▶ ABOUT THIS EXERCISE
Required from the data below: the exact lines starting at the line containing "貴州大學(xué)機(jī)" and ending at the line containing "ASIAHORSE 360mm ARGB", with both ends kept and all pictures dropped.

▶ SOURCE DATA
===

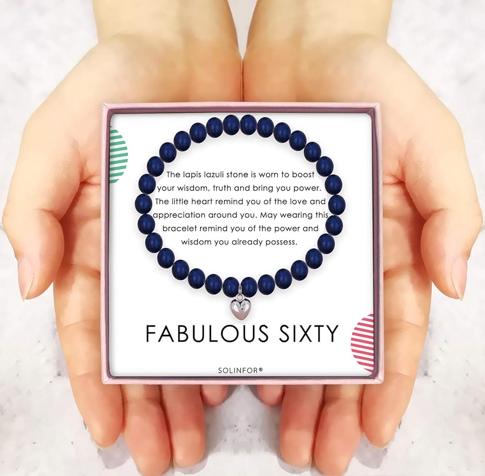 SOLINFOR 60th Birthday Gifts for Women - Lapis Lazuli Beads Bracelet - 60 Years Old Jewelry Gift Idea for Her
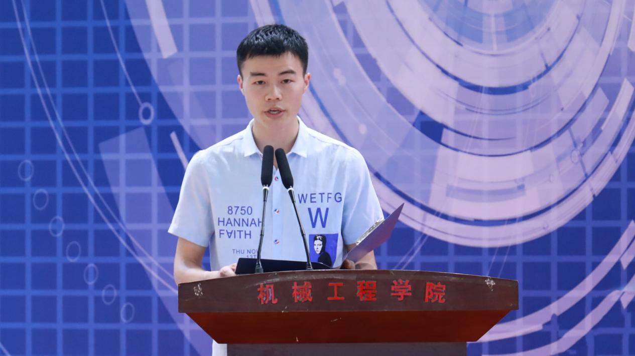 貴州大學(xué)機(jī)械工程學(xué)院機(jī)械設(shè)計(jì)制造及其自動(dòng)化專業(yè)羅一波同學(xué)代表參賽隊(duì)伍發(fā)言。
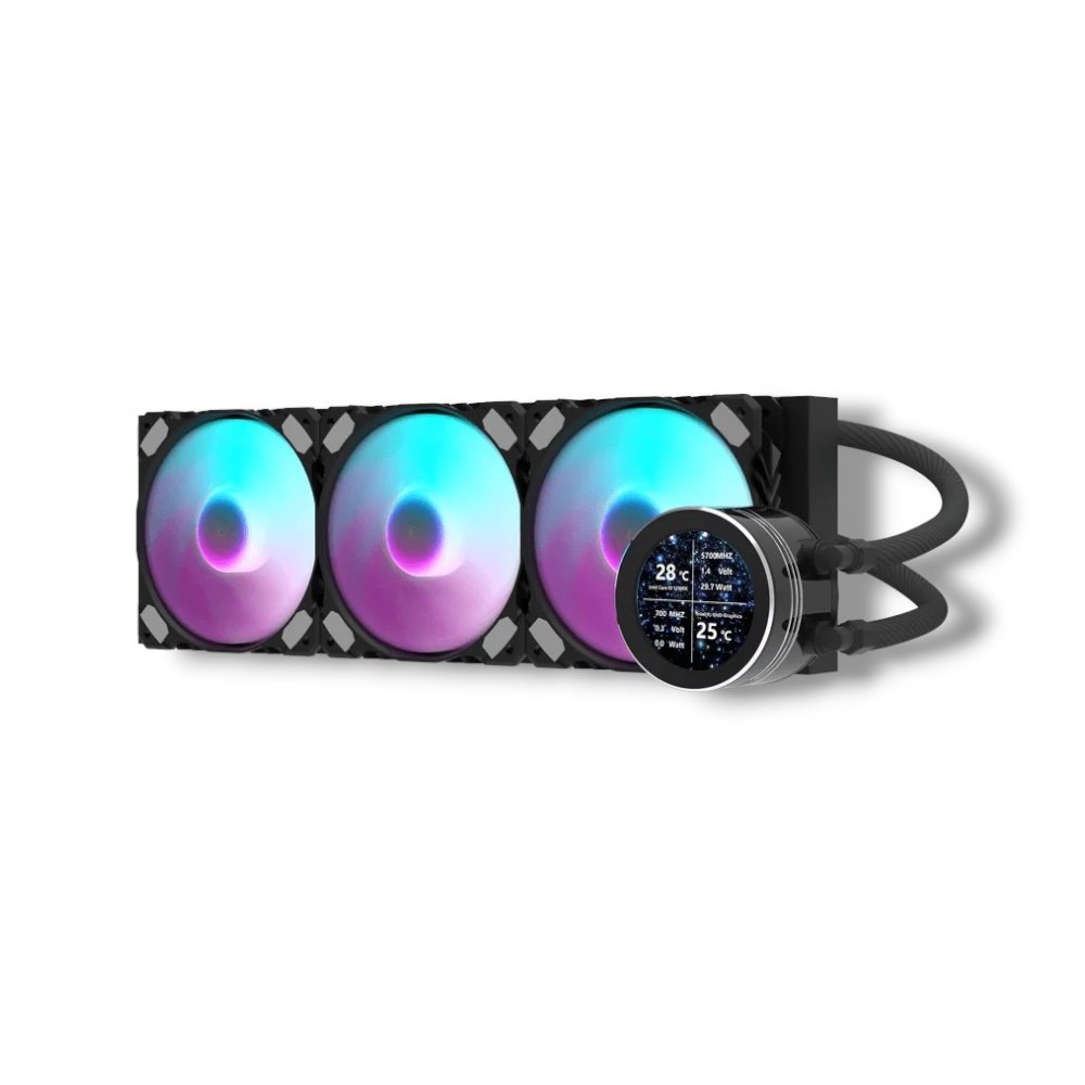 ASIAHORSE 360mm ARGB Liquid Cooler | 2.8″ IPS LCD Display | 3×120mm PWM ARGB Fans | Copper Cold Plate | Black
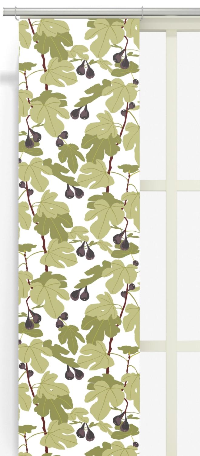 Panelgardin Fikonträd från Arvidssons Textil, designad av Björk Forth, är tillverkad i bomull med ett vackert mönster av fikonblad i olika ljusgröna nyanser och fikon i små klasar på en ljus botten. Panelgardinens naturnära design gör att den passar perfekt i vardagsrum, kök eller uterum för en lugn och harmonisk atmosfär. Overlock nedtill. Storlek: 43x240 cm. Säljes i 2-pack.

===

▶ YOUR RESPONSE
 貴州大學(xué)機(jī)械工程學(xué)院機(jī)械設(shè)計(jì)制造及其自動(dòng)化專業(yè)羅一波同學(xué)代表參賽隊(duì)伍發(fā)言。
 ASIAHORSE 360mm ARGB Liquid Cooler | 2.8″ IPS LCD Display | 3×120mm PWM ARGB Fans | Copper Cold Plate | Black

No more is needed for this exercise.